Ok so to get you guys up to speed, the problem occurred last week when my laptop (Hp Pavilion 15 series, 3 years old) unexpectedly started making very strange and worrying noises and froze, I was unable to safely shut down the system so had to resort to shutting off the system through the power button. When the system rebooted I was presented with the classic blue screen error 0xc000000f.

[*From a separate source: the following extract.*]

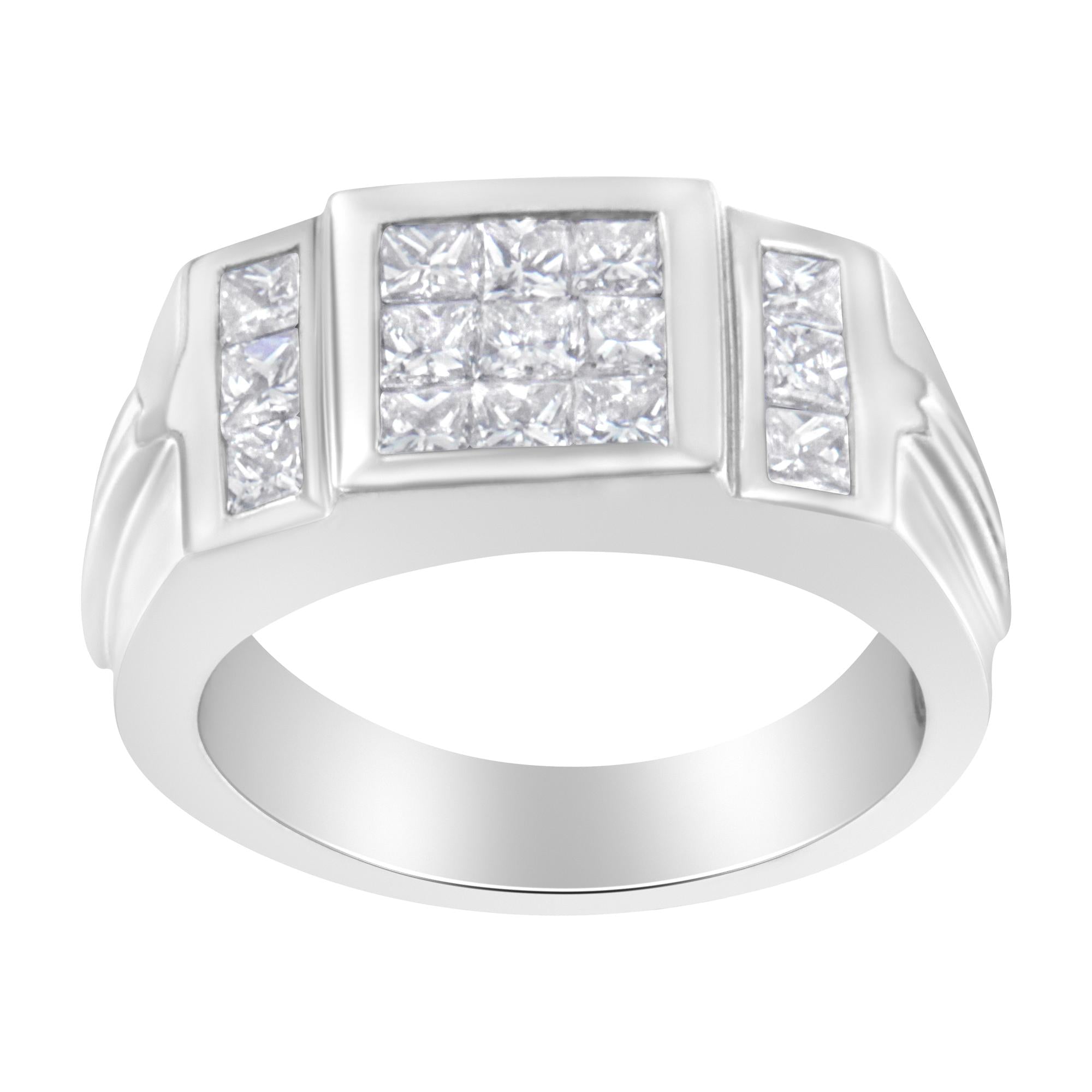 Your love for him will radiate in this unique and stylish diamond ring. Classy and appealing, the ring is created with 14 karats white gold and buffed high to shine brilliantly. It captures the gleaming princess cut diamonds that makes this ring to sparkle like a star and make you enjoy the compliments it will garner.

After searching various forums for answers it became apparent I would need a back-up installation media as it was now allowing me to boot the OS in safe mood or any of the other start-up options provided. I downloaded a copy of windows 8.1 through the Microsoft website as I did not have/was not given the media when I purchased the laptop, (I was previously using windows 8 and had never updated to 8.1, however 8 was not available through the Microsoft site and I didn't fancy taking my chances through torrenting). 

After booting up through the USB with windows 8.1 I was able to reach the windows recovery settings. At which point I exhausted every option to no avail. System restore would tell me that an unspecified error had occurred and to run 'chkdsk /r'. After this I attempted to fix the issue using the automatic repair option, which also failed. At this point I decided to cut my losses and 'Reset the PC' to factory settings, only to be told that this could not be performed as the 'Drive is locked'. 

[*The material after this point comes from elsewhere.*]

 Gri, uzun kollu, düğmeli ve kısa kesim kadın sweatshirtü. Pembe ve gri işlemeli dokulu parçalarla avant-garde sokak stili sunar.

My next option was to try and install 8.1 through the usb boot, after about 11% of installation I received the message that installation could not be completed due to missing files (error code: 0x80070001).

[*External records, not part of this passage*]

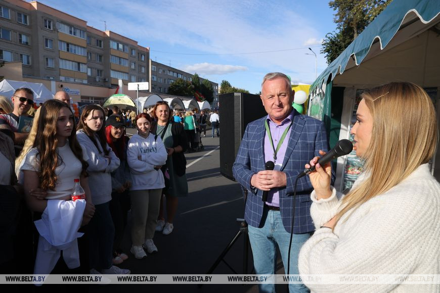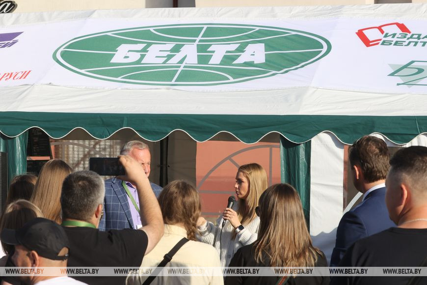 Бело-зеленый павильон с логотипом БЕЛТА заметен издалека на ул.Князя Паскевича. Его отличает выкладка продукции газеты "7 дней", издательства и журналов "Белдумка", "Экономика Беларуси". Кроме этого, с утра на выездной мини-планерке собрались редакторы изданий. Это люди, которые знают толк в аналитике, свежести информации и интересной подаче.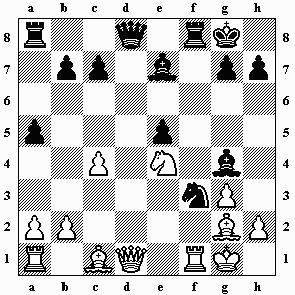 3.Kg4 Kg6 4.Dd6+ f6 5.De6 mit Ausgleich.) 3.Kg2 Df5 4.Dc4 b5 5.Dd4 mit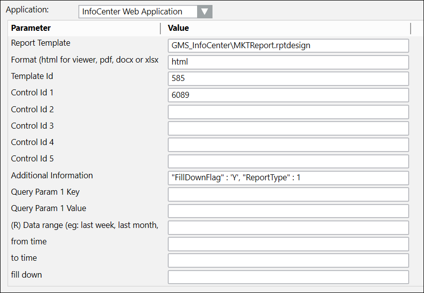 Die Vorlagen- und Steuerungs-IDs sind nicht die gleichen für alle Berichte. Die Werte variieren abhängig vom Benutzer und von den Details der Berichte in der InfoCenter-Datenbank.

So with everything failing I decided to research online further to discover that it was most likely a start up file and recovered and to use the command chkfsk /f /r :C to try and recover and fix any corrupted files that may be causing the issue, after 2 days of waiting CMD informed me that there was still an ETA of 200+ hours. At which point I thought it may be going slower due to the fact I had booted in legacy mode as 200+ hours seemed a ridiculous amount of time to scan a hard drive that isn't really that big. This time I booted through UEFI and attempted the same thing only to find that it made no difference.

Currently I'm trying running the commands separately to see if this will quicken the process. I have successfully ran 'chkdsk /f C:' and received the message that no problems were found and required no further action. I am now running 'chkdsk /r C:' with an estimated time of 20hrs left, however it hasn't moved in the last 2 hours as is replacing a bad cluster at a total of 4%, so I expect the waiting time to rise to another ridiculous amount of time after this.

Literally pulling my hair out of this, I know its stupid but my laptop is my life and I have been working on it day and night now for over a week and just find myself going round in circles, I even dismantled the laptop, cleaned everything, and built it back up in a vain attempt to fix the issue, but this progressed the issue no further.

At this point I'm just about prepared to bite the bullet and pay the money for a computer technician to fix this, as I am the first to admit that my knowledge on the subject isn't the best, but if there is any suggestions or thoughts on how else I could possibly fix this issue before I given I would be forever in your debt. Sorry the lengthy rant and again to those who read it your time is hugely appreciated it.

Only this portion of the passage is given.